Infrastructure as Code, or IaC for short, is a fundamental shift in software engineering and in the way Ops think about the provisioning and maintenance of infrastructure. Despite the fact that IaC has established itself as a de facto industry standard for the past few years, many still seem to disagree on its definition, best practices, and limitations.
This article will walk through the evolution of this approach to infrastructure workflows and the related technologies that were born out of it. We will explain where IaC came from and where it is likely going, looking at both its benefits and key limitations.
From Iron to Clouds
Remember the Iron age of IT, when you actually bought your own servers and machines? Me neither. Seems quite crazy right now that infrastructure growth was limited by the hardware purchasing cycle. And since it would take weeks for a new server to arrive, there was little pressure to rapidly install and configure an operating system on it. People would simply slot a disc into the server and follow a checklist. A few days later it was available for developers to use. Again, crazy.
With the simultaneous launch and widespread adoption of both AWS EC2 and Ruby on Rails 1.0 in 2006, many enterprise teams have found themselves dealing with scaling problems previously only experienced at massive multinational organizations. Cloud computing and the ability to effortlessly spin up new VM instances brought about a great deal of benefits for engineers and businesses, but it also meant they now had to babysit an ever-growing portfolio of servers.
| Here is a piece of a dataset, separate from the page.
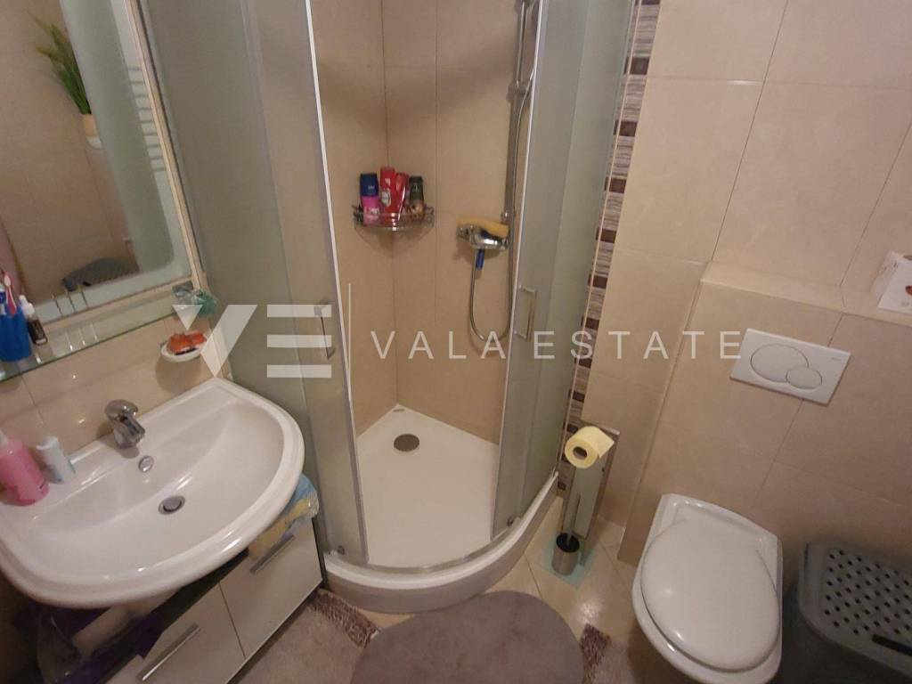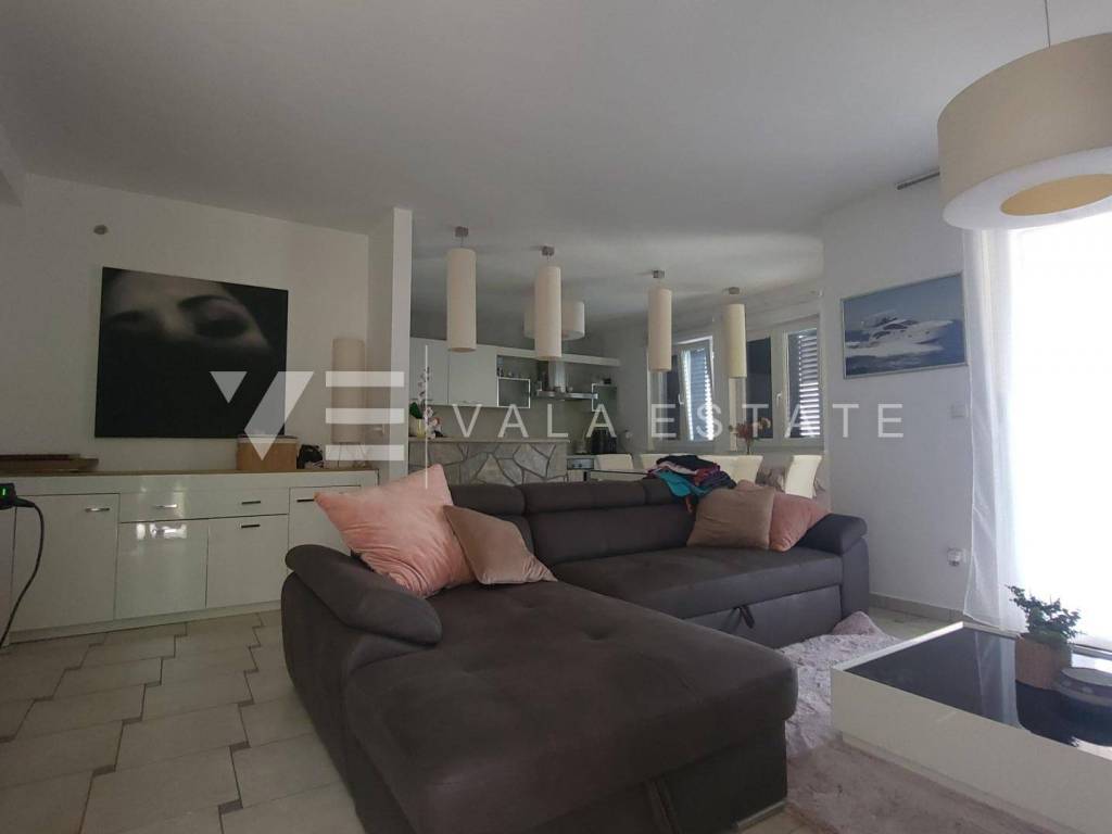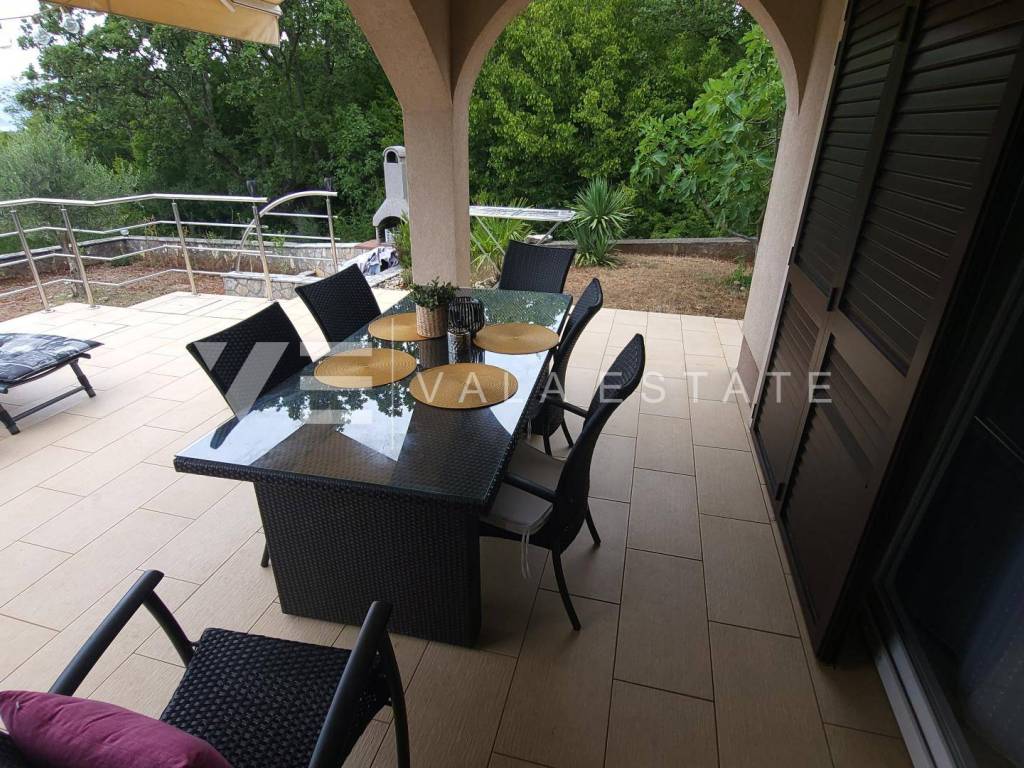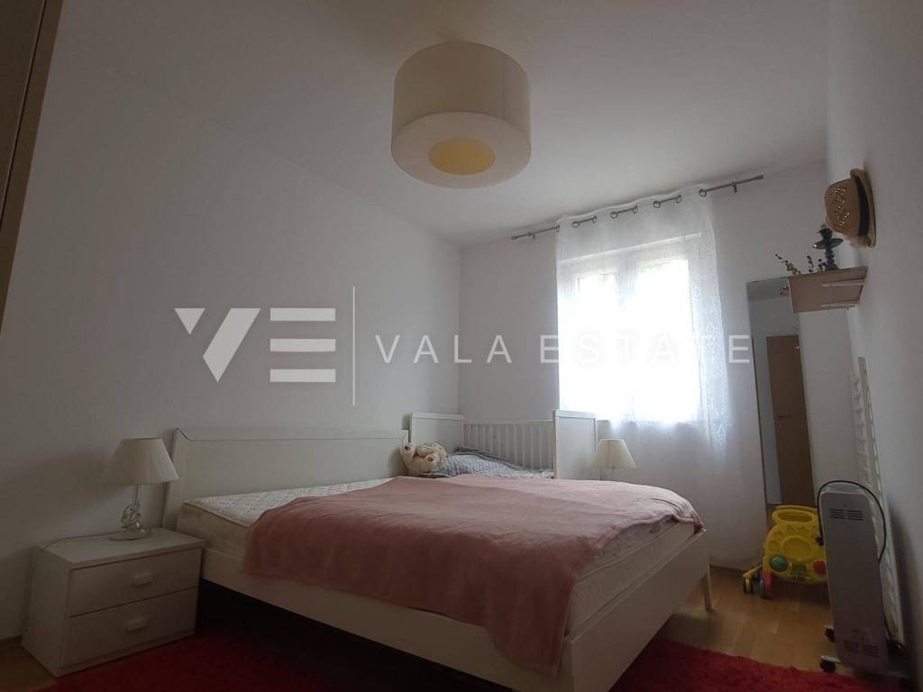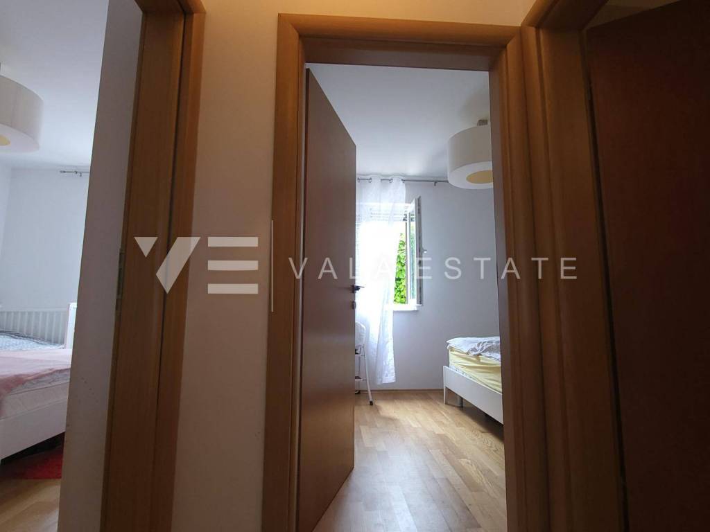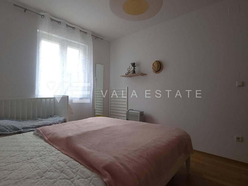 Nekretnine otok Krk, okolica grada Krka - na prodaju je prostrani dvosoban apartman u prizemlju više obiteljske kuće sa ukupno četiri stambene jedinice, smještene u blizini mora i lijepih plaža. Sastoji se od ulaznog hodnika, dvije spavaće sobe, ostave, kupaone i dnevnog boravka sa kuhinjom i blagovaonom sa izlazom na terasu i veliku uređenu okućnicu sa pogledom na more. Apartmanu pripada manja garaža i jedno parkirno mjesto na zajedničkom dvorištu kuće. Prodaje se kompletno namješten i odmah je spreman za useljenje. Kvalitetna gradnja i oprema, uredna dokumentacija, etažno vlasništvo. Nalazi se na mirnoj lokaciji na rubu zelene zone, udaljenoj svega 600 m od prekrasnih plaža.

The infrastructure footprint of the average engineering organization became much bigger, as a handful of large machines were replaced by many smaller instances. Suddenly, there were a lot more things Ops needed to provision and maintain and this infrastructure tended to be cyclic. We might scale up to handle a load during a peak day, and then scale down at night to save on cost, because it's not a fixed item. Unlike owning depreciating hardware, we're now paying resources by the hour. So it made sense to only use the infrastructure you needed to fully benefit from a cloud setup.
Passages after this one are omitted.